According to data presented to the House Ways and Means Trade Subcommittee in May 1995 by Robert Kapp, president of the Washington-based US-China Business Council, America exported $9.3 billion worth of goods to China in 1994, equivalent to the support of approximately 187,000 jobs. According to Department of Commerce data presented at the same testimony, China will be buying $90 billion worth of power generation equipment, $65 billion worth of commercial jets, $40 billion of telecommunication equipment, $18.2 billion of oil field and gas machinery and $4.3 billion of computers in the coming years. Getting a fraction of that business will create many more jobs than the low cost goods imported from China that AFL-CIO objects to but America can no longer produce competitively.

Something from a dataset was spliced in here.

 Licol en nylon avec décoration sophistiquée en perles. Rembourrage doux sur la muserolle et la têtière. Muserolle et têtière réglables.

AFL-CIO'S agenda on China and its dependence on Wu is no secret; the media simply have not seen fit to report the matter. In a testimony before the House of Representatives in July, 1995, Peggy Taylor, Director of Department of Legislation of AFL-CIO, made specific mention of "this lucrative trade" in organ transplants from prisoners as reason to deny Most Favored Nation (MFN) trading status to China. There is no need to speculate as to where her "data" came from.

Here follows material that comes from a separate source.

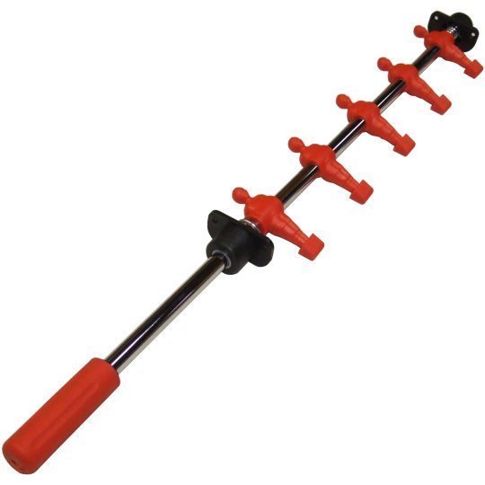 The original Robert Sport 18mm foosball bar is made out of a chromed steal-bar. The pre-installed figures, bumpers, bearings and handles are incliuded in the delivery. The Roberto Sport bar fits for all Roberto Sport foosball tables. Due to this it fits for the Roberto Sport Kombat and Roberto Sport Adrenaline, which are officially licensed by the ITSF.

At the airport interviews immediately upon his release and return to the United States, Wu freely admitted to the San Francisco Bay area reporters that lying, stealing, impersonating a police officer and adopting other underhanded means were perfectly acceptable while undercover in China. He has never responded on whether it is also acceptable to lie to the American public. However, he was at Columbia University recently to receive another of many awards. He was delighted to discover a fellow native of Shanghai in Li Qiang, a law student. He spoke to Li in Shanghai dialect and according to Li, Wu admitted that human rights conditions in China now has been the best in recent 50 years, but, he added, the Americans don't know anything.

While the Clinton Administration is working to open foreign markets and promote trade as the surest means of creating jobs, the AFL-CIO is working to undermine such efforts by sneaking Wu across the Chinese border. The public has the right to know the truth. Cut through all the hypocrisy about defending human rights, and one sees Wu performing dubious activities to support AFL-CIO in their efforts to stopping the flow of low cost goods from China. It's lucrative work for Wu and that's all there is to it.

AFL-CIO needs to review its policy towards China. The issue before the leadership is whether such a broad brush smearing of one of the America's major trading partners would not simply erode its credibility and neutralize the potency of the organization on those occasions when they actually need to intervene in specific trade issues.

Responsible journalism requires a willingness to look at all sides of the issues. Being a gullible pushover for easy to digest sensationalism is hardly discharging its duty to the public. Too much is at stake for someone not to take up the challenge and set the record straight.